Ford faces competition; bankruptcy gives rivals benefits

— -- Ford Motorf, the only one of Detroit's Big 3 automakers not in bankruptcy, now could be at a competitive disadvantage for taking the high road.

As with Chrysler before it, General Motors' gm decision to seek bankruptcy reorganization Monday will clear away debt, slash its dealer network and give it a better deal with the United Auto Workers union.

To compete against the reorganized and streamlined GM and Chrysler, Ford will need to achieve the same sort of cost-cutting. But the nation's second-largest automaker will have to make them without the benefit of having a court order behind it. Issues include:

•Labor. Ford will seek additional concessions from the United Auto Workers to try to match givebacks handed to General Motors and Chrysler as both plunged toward bankruptcy.

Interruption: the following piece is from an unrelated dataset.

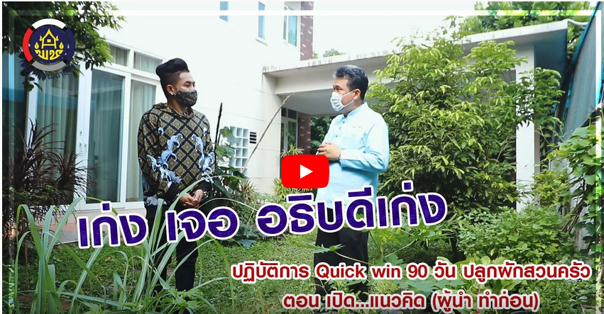 ปฏิบัติการ Quick win 90 วัน ปลูกผักสวนครัว เพื่อความมั่นคงด้านอาหาร กับเก่ง ธชย ประทุมวรรณ และท่านสุทธิพงษ์ จุลเจริญ อธิบดีกรมการพัฒนาชุมชน ที่ให้เกียรติเปิดบ้านพัก แสดงทัศนะ “ผู้นำ ต้องทำก่อน”
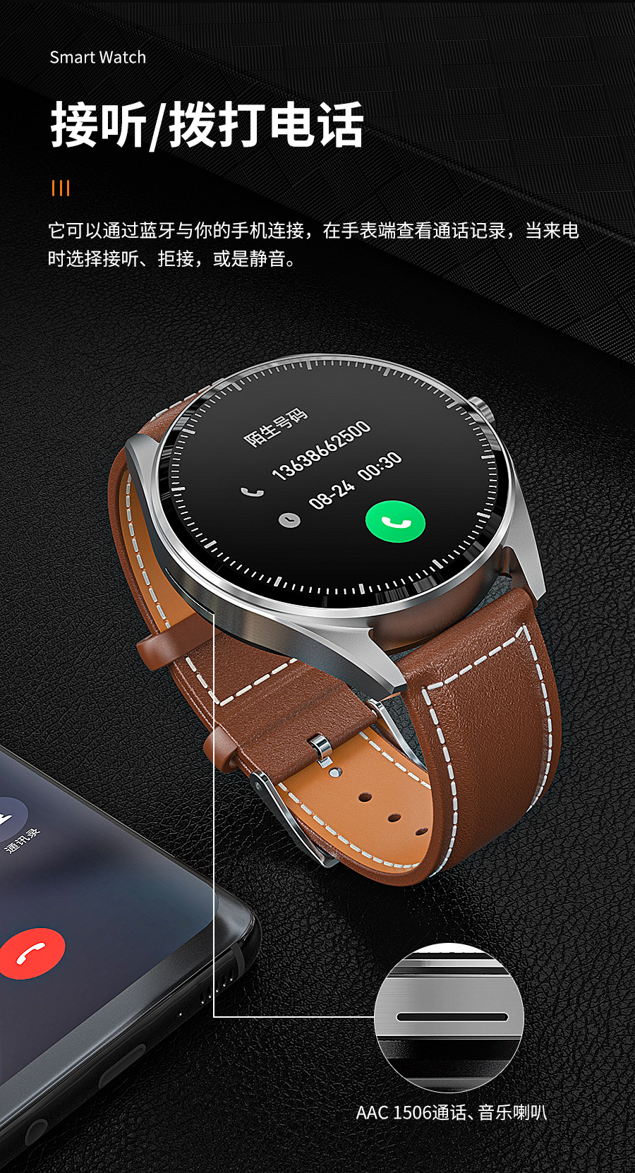 • 새로 디자인된 시계 브라운 가죽 - 초박형 바디에 무감각 이어폰 내장

"Our goal is not to be disadvantaged," Ford spokesman Mark Truby says. "We're going to go back and negotiate aspects (of the contract) with the UAW."

UAW spokesman Roger Kerson said Monday that the union had no comment.

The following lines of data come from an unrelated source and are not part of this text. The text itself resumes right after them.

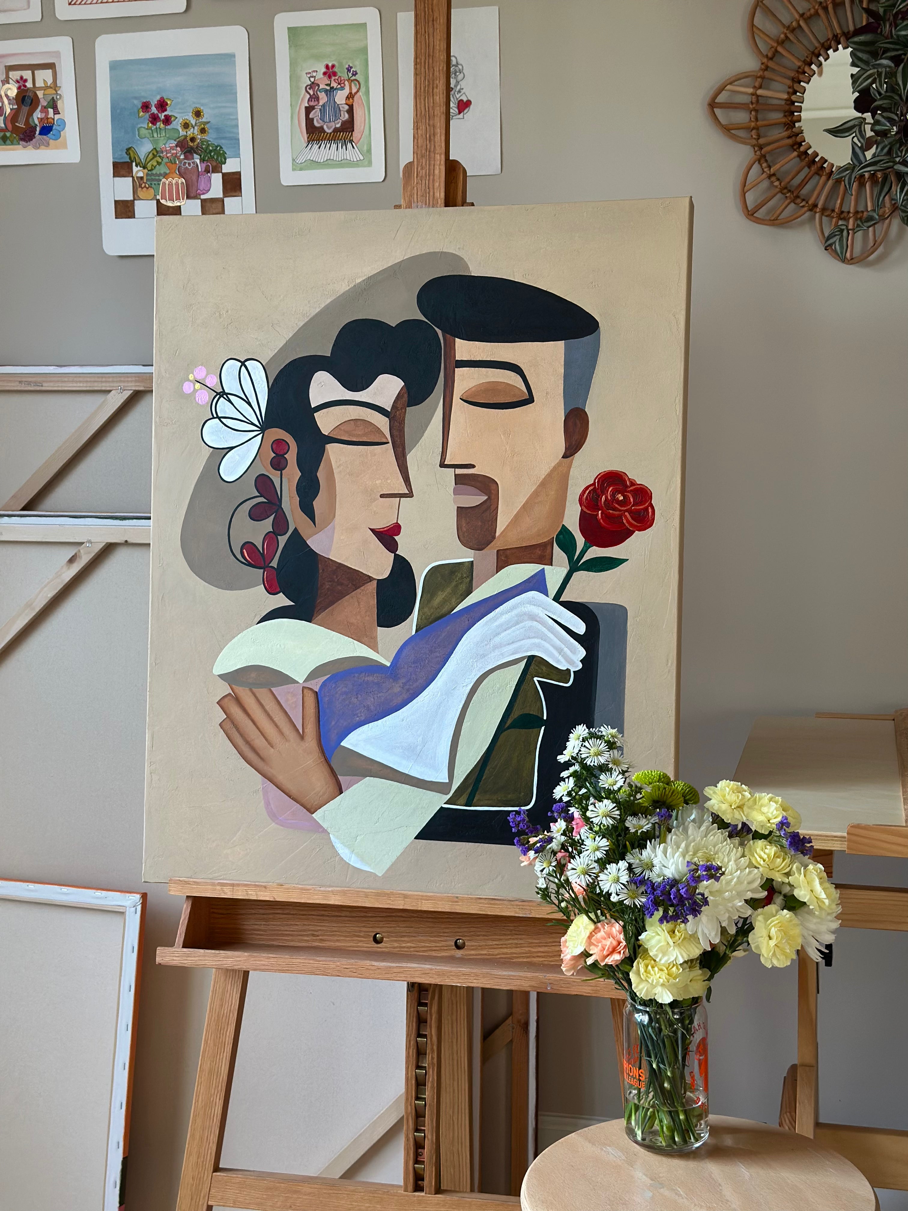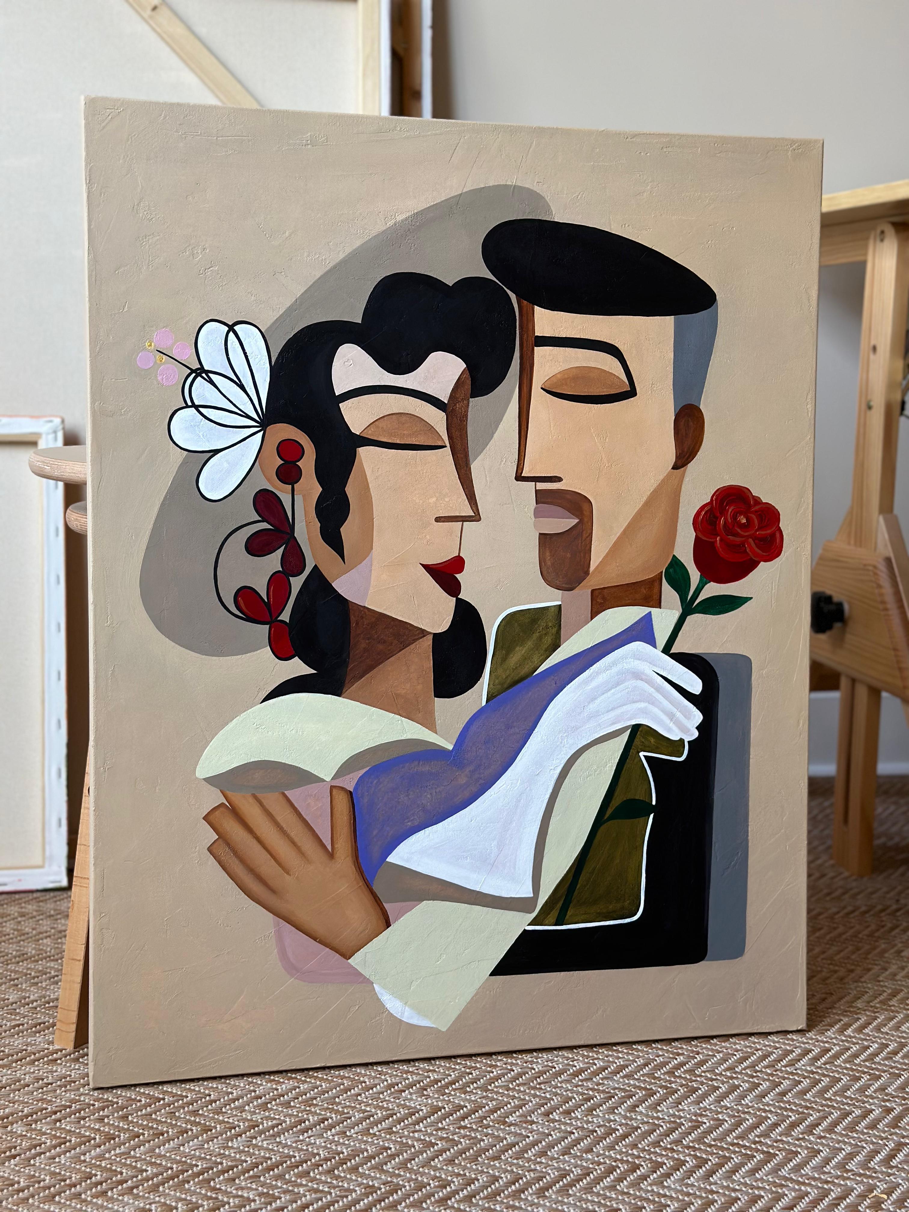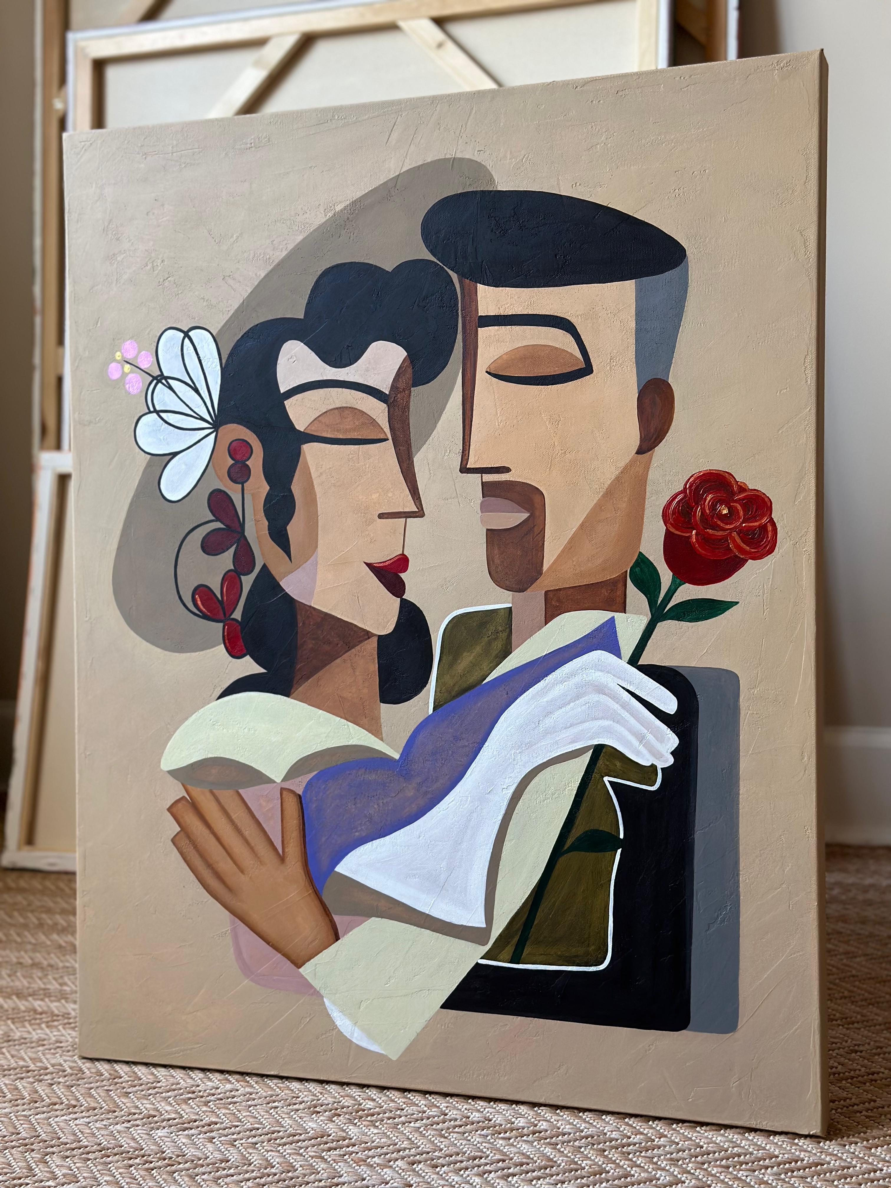"Forever Yours" reflects a timeless romance with a touch of elegance. The red rose in the painting symbolizes passionate love, while the soft tones and classic style evoke the feeling of a love story from another era.
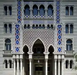 The Almas Temple is a Masonic building facing Franklin Square at 1315 K St NW in Washington, D.C. It houses Almas Shrine, a sub-group for Shriner's International whose headquarters is located in Tampa, Florida. The edifice is in the Moorish architectural style and features an elaborate, multicolored terra-cotta façade. It was constructed in 1929 by Allen H. Potts, a member of the temple.[1]
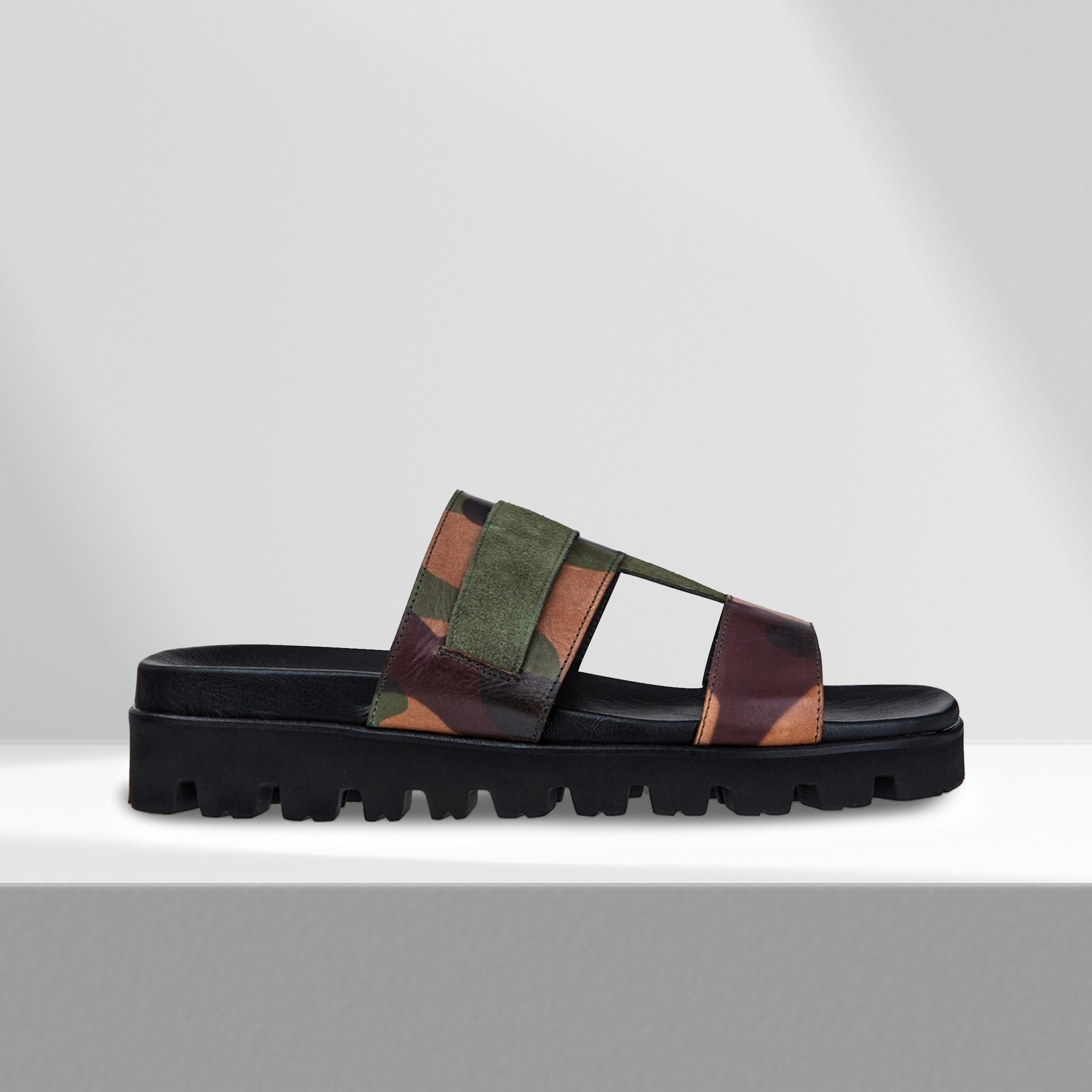 1. Double-strap leather sandals. Characterised by a double strap and available with a thin or chunky sole, they are a versatile and sophisticated option. Men’s leather sandals have the super power to make easy chic outfits that would otherwise be too informal. You can wear them with a pair of smart trousers or with a more casual look, but double-strap sandals will always add a touch of elegance without sacrificing comfort. The quality of the leather and the careful design make them an ideal accessory for multiple occasions, easily transforming your style from ordinary to elegant. In GuidoMaggi’s catalogue of elevator sandals, double-strap sandals are declined in different leathers and colours to allow you to always find the right one for your style. From the very elegant Noha in super-light black tumbled leather, to the adventurous Palawan in camouflage calfskin, passing through the more fashionable Fiji in electric blue full-grain leather and the more retro Puka in precious green leather with an aged effect. Each model, moreover, gives an additional 6 centimetres of stature thanks to an ergonomic footbed and a hard-wearing, tank-like sole made of super-light natural rubber.

Ford would be "fools not to go back to the union and say, 'Why don't you give us the same deal as you gave (them)?' " says Rebecca Lindland, director of IHS Global Insight's automotive practice.

The UAW acceded to Ford's requests on several fronts as recently as March. At the time, Ford proclaimed it would save $500 million a year and would have labor costs on par with foreign firms making cars in the Americas.

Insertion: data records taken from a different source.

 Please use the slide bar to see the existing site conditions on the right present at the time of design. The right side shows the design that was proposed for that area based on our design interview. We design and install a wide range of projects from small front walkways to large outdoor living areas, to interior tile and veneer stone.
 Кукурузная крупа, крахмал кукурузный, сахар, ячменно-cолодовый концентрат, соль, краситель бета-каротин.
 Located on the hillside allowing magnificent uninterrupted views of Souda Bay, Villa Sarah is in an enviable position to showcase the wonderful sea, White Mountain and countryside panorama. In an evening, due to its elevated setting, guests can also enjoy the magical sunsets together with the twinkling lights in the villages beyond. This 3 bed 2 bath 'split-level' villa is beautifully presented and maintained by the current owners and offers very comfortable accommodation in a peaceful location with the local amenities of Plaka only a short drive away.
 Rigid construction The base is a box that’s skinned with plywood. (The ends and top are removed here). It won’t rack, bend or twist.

But that was before GM and Chrysler went into bankruptcy-court reorganization and sought even more givebacks from the union.

•Dealers. Ford has 3,700 dealers, 16% fewer than at the start of 2006. Dropping dealers is difficult because they're independent businesses.

But it's much easier for GM and Chrysler in bankruptcy court. Chrysler has told 789 dealers that they will be gone by June 9. GM sent letters to 1,100 recently telling them they will have to give up their franchises next year.

•Debt. Ford stayed out of Chapter 11 by seeking additional capital before the recession took hold. But it now owes $25.8 billion at a time GM and Chrysler are improving their balance sheets. As of March, Ford had $21.3 billion in cash.

"If I were in Ford's shoes, I would be most worried about GM's ability to get rid of debt," says William Kohler, co-chair of the automotive practice of law firm Butzel Long.

Ford has advantages, as well. If buyers shun GM and Chrysler products in fear of being caught up in their financial mess, Ford could become the American vehicle of choice.

"Some consumers are going to flee from a bankrupt automaker, and Ford should pick up some of that business," says Efraim Levy, an equity analyst at Standard & Poor's. GM's decision to ax all but four of its vehicle divisions means more market share is up for grabs for remaining automakers.

Ford has several new fuel-efficient cars in the wings, including a subcompact and a much-touted replacement for its Taurus family sedan, once its flagship vehicle.

Ford is expected to report today that sales improved in May.

Lindland wonders, however, whether Ford will get a larger share. "There are people who will only buy a GM product and would never dream of buying a Ford," she says.